Data Analyst in Manchester employer: Mobysoft Ltd
Mobysoft is an exceptional employer that champions a hybrid working culture, fostering collaboration and innovation within the Data & Analytics team. With a commitment to employee development, competitive benefits including private healthcare and generous leave, and a mission that positively impacts social housing, Mobysoft offers a rewarding environment for data professionals eager to make a difference while growing their careers.
StudySmarter Expert Advice🤫
We think this is how you could land Data Analyst in Manchester
✨Tip Number 1
Network like a pro! Reach out to folks in the industry, attend meetups or webinars, and connect with potential colleagues on LinkedIn. You never know who might have the inside scoop on job openings!
✨Tip Number 2
Prepare for those interviews! Research Mobysoft and understand their mission and values. Think about how your skills in data analytics can help them achieve their goals, and be ready to share specific examples from your experience.
✨Tip Number 3
Show off your skills! Create a portfolio showcasing your data projects, visualisations, and any cool insights you've uncovered. This will give you an edge and demonstrate your hands-on experience to potential employers.
✨Tip Number 4
Don’t forget to apply through our website! It’s the best way to ensure your application gets seen by the right people. Plus, it shows you’re genuinely interested in joining our awesome team at Mobysoft!
We think you need these skills to ace Data Analyst in Manchester
Some tips for your application 🫡
Tailor Your CV:Make sure your CV is tailored to the Data Analyst role. Highlight your relevant experience in data analytics, data science, and any specific tools or technologies mentioned in the job description. We want to see how your skills align with what we're looking for!
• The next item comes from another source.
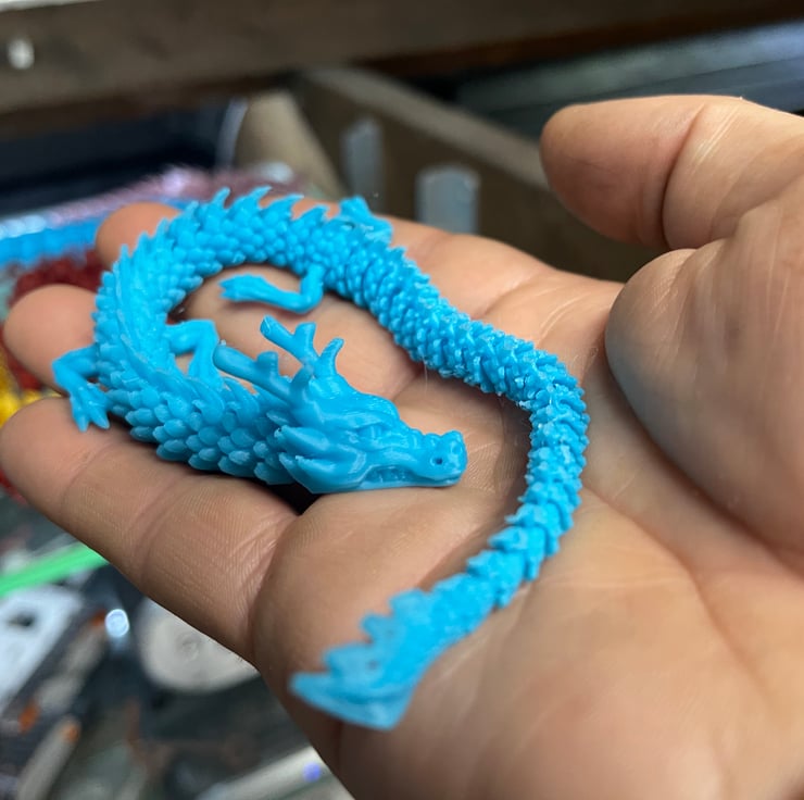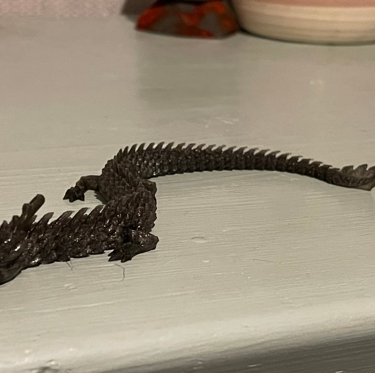 Following on from our supersize dragon we decided to be unique and go the other way. We have shrunk the dragon down as small as we could print it to create this very tactile finger dragon.

Craft a Compelling Cover Letter:Your cover letter is your chance to shine! Use it to tell us why you're passionate about data analytics and how you can contribute to our mission at Mobysoft. Be sure to mention any specific projects or achievements that showcase your skills.
Showcase Your Technical Skills:Since this role requires strong technical skills, make sure to include any relevant programming languages, tools, and methodologies you've used. Whether it's Python, SQL, or data visualisation tools like Power BI, we want to know what you're capable of!
Apply Through Our Website:We encourage you to apply through our website for a smoother application process. It helps us keep track of your application and ensures you don’t miss out on any important updates. Plus, it’s super easy!
How to prepare for a job interview at Mobysoft Ltd
✨Know Your Data
Before the interview, brush up on your data analytics skills. Be prepared to discuss specific projects you've worked on, especially those involving data wrangling and transformation. Highlight how you’ve used tools like SQL, Python, or Power BI to derive insights from data.
✨Understand the Company’s Mission
Familiarise yourself with Mobysoft's vision and mission. Understand how their data solutions impact social housing. This will help you align your answers with their goals and demonstrate your genuine interest in making a difference in the sector.
✨Prepare for Technical Questions
Expect technical questions related to data pipelines, statistical methods, and visualisation techniques. Practice explaining complex concepts in simple terms, as you may need to communicate findings to non-technical audiences. Use examples from your experience to illustrate your points.
✨Show Your Curiosity
Mobysoft values curiosity and a proactive approach. Be ready to discuss how you stay updated with emerging technologies and analytical methods. Share any recent learnings or experiments you've conducted that showcase your enthusiasm for data analytics.